Il nous faut un âne”, m’annonce mon époux, le matin de notre départ pour dix jours de randonnée sur les traces de Robert Louis Stevenson. Je lui marmonne qu’on n’a quand même pas autant de bagages que Stevenson, ouvrant à cet effet mon exemplaire passablement défraîchi de Voyage avec un âne dans les Cévennes [paru en anglais en 1879, en français en 1925] : “Un revolver, une petite lampe à alcool […], deux assortiments complets de vêtements de rechange – outre mes habits de voyage en velours campagnard, mon paletot de marin et un chandail en tricot – quelques livres, ma couverture de voyage […], des plaquettes de chocolat et des boîtes de saucisses boulonnaises […], un gigot froid de mouton, une bouteille de beaujolais, une boîte vide destinée à contenir du lait, un fouet à œufs et une provision importante de pain bis et blanc.”

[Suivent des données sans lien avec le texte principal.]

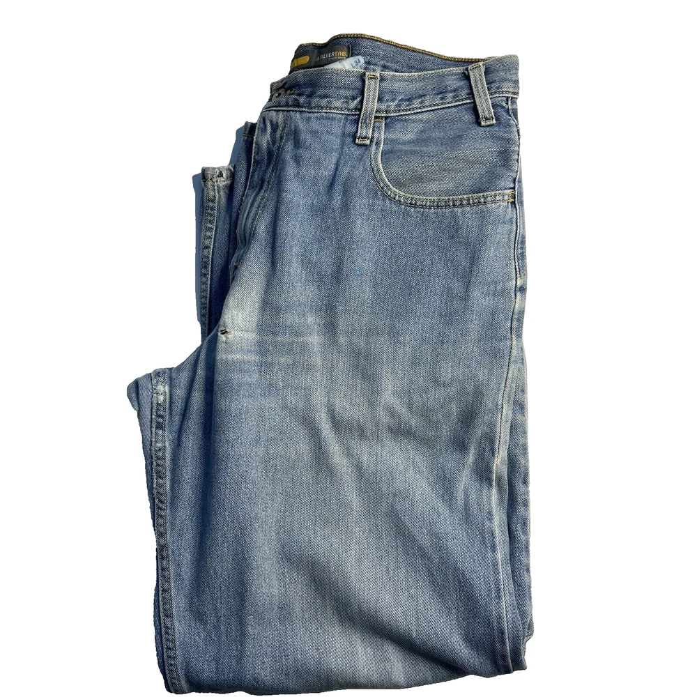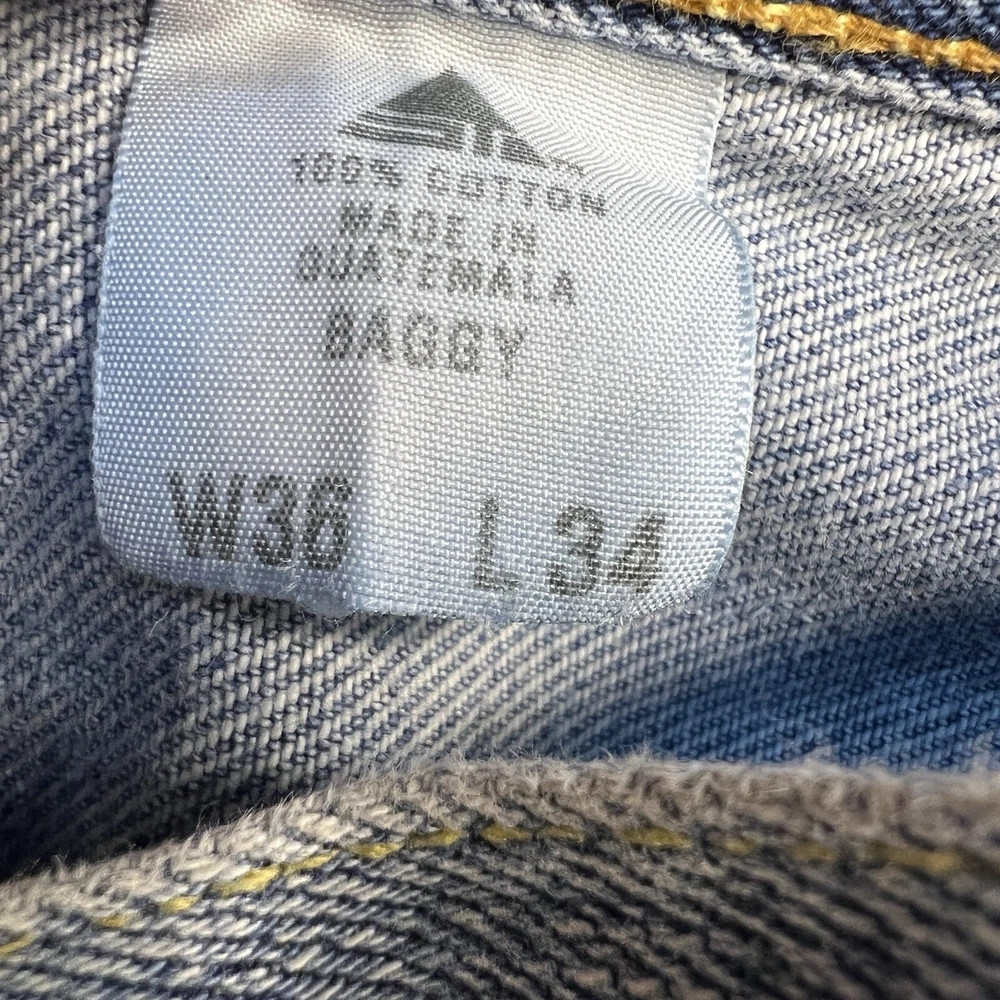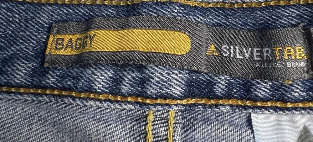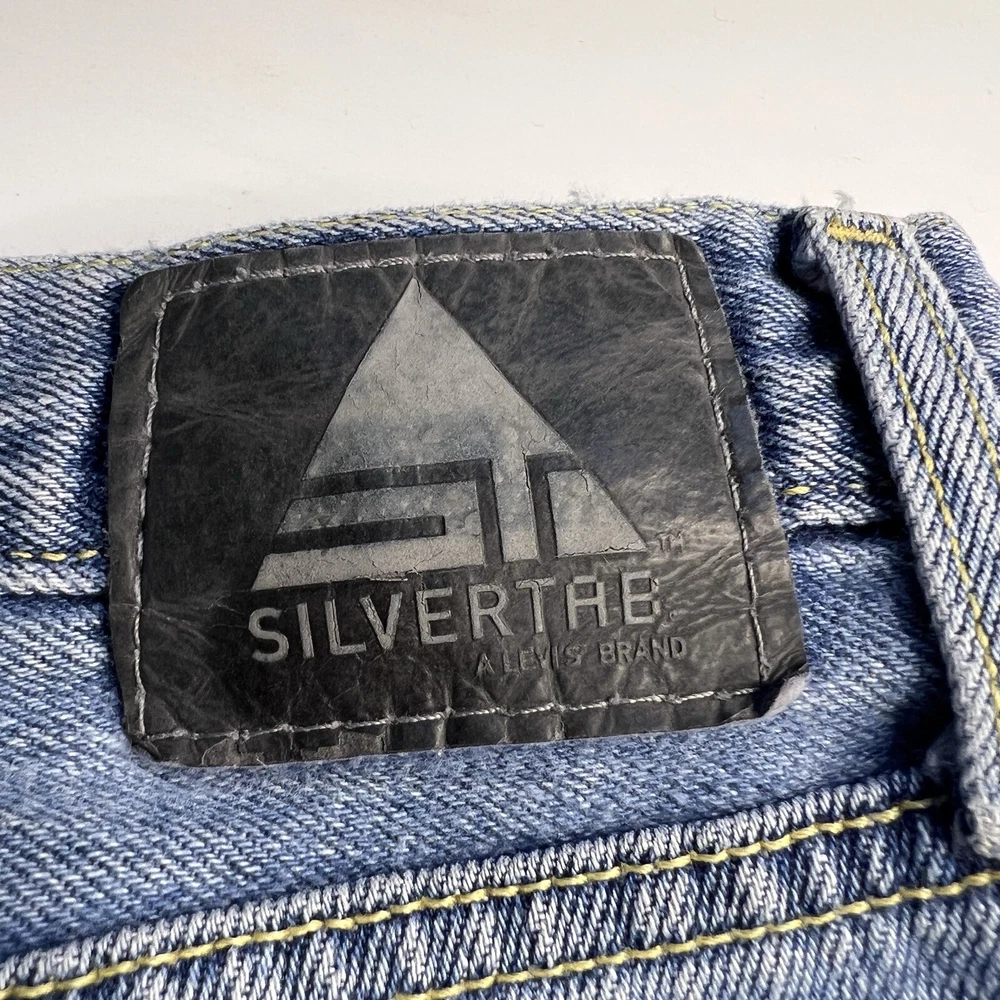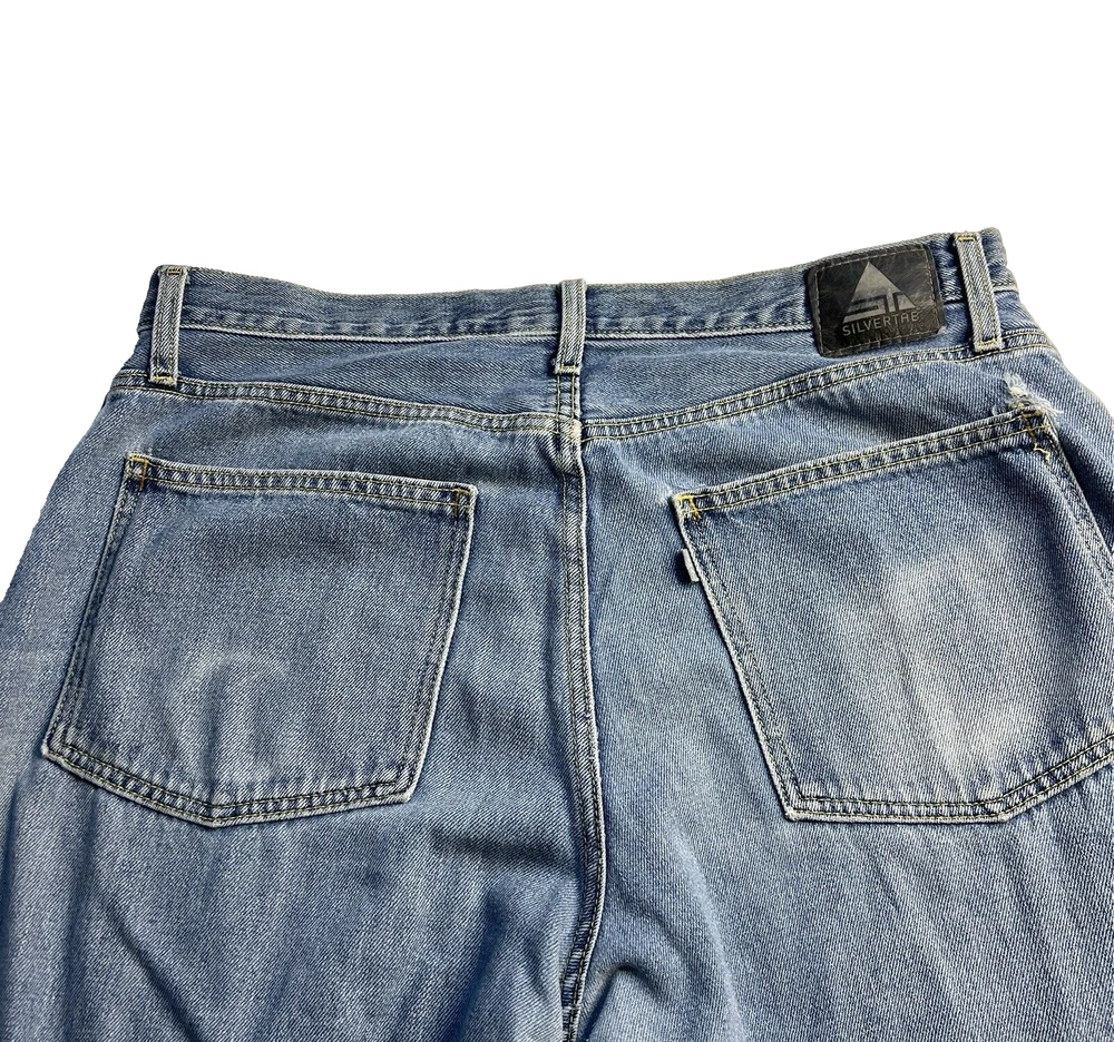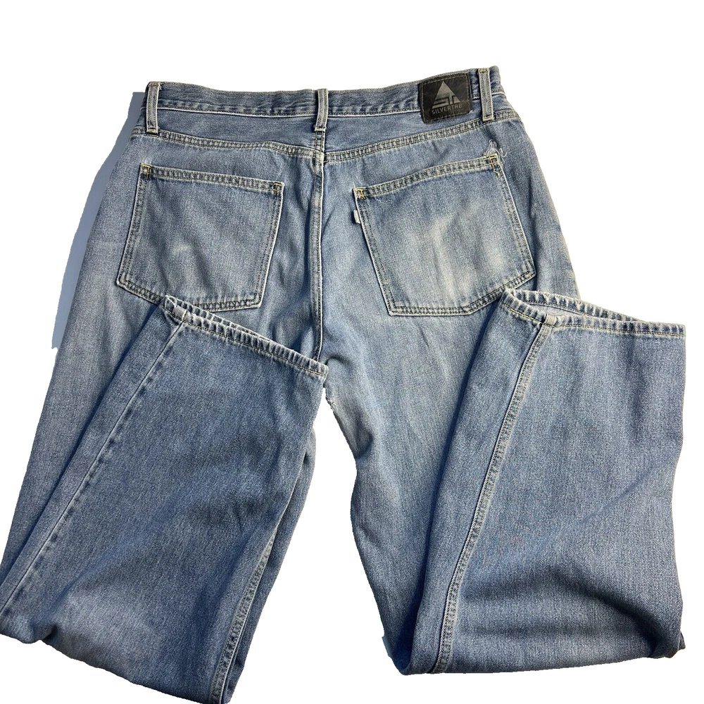 Vintage Levis SilverTab Jeans Men 36x34 Baggy Denim Grunge Y2K Skater These jeans are faded and distressed. There are some holes and patches inside the jeans to try and cover the holes. There is a rip by the back pocket. The crotch area is worn and has holes. Please view photos for condition.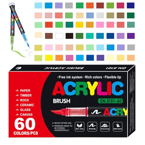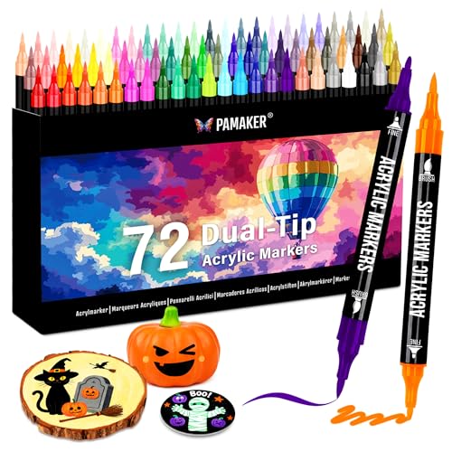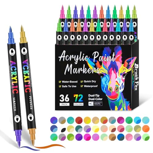 Beyonddraw Dual Tip Acrylic Paint Pen Marker - 24/48/72 Colors, Two-color Acrylic Paint Markers, Double-ended Design with Colour Identification Code At The End, Quick Dry (36PACK/72COLOR)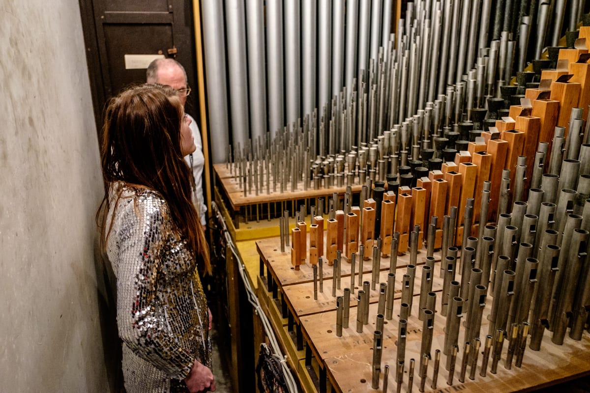 Martin said that as part of the Philbrook’s current exhibition, Museum Confidential, “an artist built a motel lobby, and we have local musicians playing inside it on Mondays, like NPR’s Tiny Desk Concerts.” Both Valerie and Lauren got to listen to a live performance along with museum staff.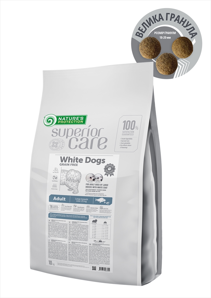 Nature‘s Protection Superior Care White Dogs Grain Free with White fish for Adult Large Breeds is known for its well-balanced composition and raw materials which help to fight against brown tears stains and to keep healthy skin and coat. The main source of protein in this complete dry dog food is white fish. It is hypoallergenic, easily digestible, perfect for weight control and a great source of vitamins A and D. It also contains Antarctic krill, a unique and 100 sustainable source of Omega-3 and choline for healthy development. The complete and balanced composition of this dry dog food is enriched with clinoptilolite of volcanic origin from nature – MicroZeoGen. It helps to remove toxins from the pets body and when it is detoxified the efficient nutrients, vitamins, and minerals easily absorb into the body. The composition is enriched with superior sources of Omega-3 fatty acids that could help to maintain the intensive colour of the coat and the perfect condition of the skin.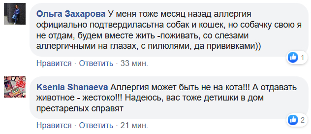 Они к сожалению, или к счастью, не знают, что такое аллергия. И видимо не очень хорошо понимают, что такое отдать своё любимое животное. Не игрушку ми-ми-ми, а друга, с которым пуд соли съел.

Le plus lourd était encore son sac de couchage cousu sur mesure dont il venait de faire l’acquisition : “Une sorte de long rouleau ou saucisson en bâche verte imperméable à l’extérieur et en fourrure de mouton bleue à l’intérieur.” Stevenson explique que c’est le poids et l’encombrement de ce sac (acheté 80 francs et deux verres de bière) qui le poussent d’ailleurs à acheter un âne (pour 65 francs et un verre de brandy), qu’il baptise “Modestine”.